1876 is an interesting club as the proprietor takes a genuine interest in the wine and promotes them with huge enthusiasm. He partners with a Master of Wine who regularly co-hosts tasting evenings and waxes lyrical on the virtues of the wines. Unfortunately with the shipping and duty costs of bring wine to Jamaica, very ordinary wines become very expensive.
Starter of guinea chick lobster accompanied by a brandied lobster bisque was delicious. This was served with a white Hermitage. The wine was a terrible disappointment, flabby and tasteless most certainly not the honeyed richness our hosts were praising. This set a pattern for the evening where the food was well matched to what the wine should have been, had a decent expression been available or affordable.

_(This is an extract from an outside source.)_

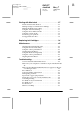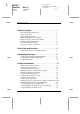 L R4C477 short.bk Rev_C A5 size 12/21/99 SHORT.TOC Pass 2 Proof Sign-off: M.Otsuka, CRE Tsukada_______ N. Nomoto _______ _______ Contents Safety Instructions . . . . . . . . . . . . . . . . . . . . . . . . . . . 1 Important Safety Instructions . . . . . . . . . . . . . . . . . . . . . . . . A Few Precautions . . . . . . . . . . . . . . . . . . . . . . . . . . . . . . . . . When using the printer . . . . . . . . . . . . . . . . . . . . . . . . . . . . . When handling the ink cartridges . . . . . . . .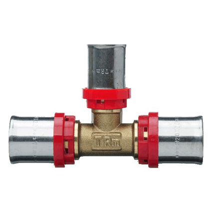 Пресс-тройник Terma представляет собой пресс-соединение для металлопластиковых труб диаметром 26 мм с ответвлением под 90 градусов для трубы диаметром 16 мм. Применяется при монтаже трубопроводов различного назначения. Пресс-гильзы изготовлены из стали AISI-304, корпус пресс-тройника из латуни.

The next course of pan fried Chilean Sea Bass with saffron was probably the highlight of the meal and the pairing with a good green and fresh South African Sauvignon Blanc worked very well. A cheap and cheerful screw cap that benefited from the good food, but it also certainly gave something back. The only complaint was the Croxetti pasta with which it was served, had a consistency of undercooked dauphinoise potatoes and was inedible.
The filet mignon ( I couldn’t avoid it!) was well hung and quite gamey and served with a reduction of the wine being tasted, a Napa merlot. The wine was a straight forward full flavoured, big alcoholic Californian wine. Little subtlety or delicacy in the wine thought it did stand up to the meat. More strongly flavoured than I would expect of a filet and still with some connective tissue, this certainly wasn’t cut from the thin end of the chateaubriand.

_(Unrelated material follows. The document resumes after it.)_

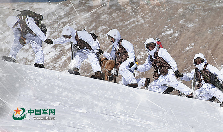 駐守在阿里高原的扎西崗邊防連巡邏小分隊正在翻越達坂。劉曉東 攝

I thought at the time that final course of a roasted hazelnut and white chocolate mousse was a purchased desert, though I have since been told that it is a house speciality. Ridiculously with a demi-sec Anjou, the wine was lost completely.
Cheese were served with a standard LBV port, though the Roquefort was good and coffee was a very good Blue Mountain roast.
In all it was a decent meal let down slightly by the wines. Paul and Adrian must be slightly embarrassed at some of their offering, and it is probably just as well that to a majority of Jamaicans, fine wine is an unknown quantity. Mac’s definitely do some things well, but steaks are not a strong suit, despite the reputation.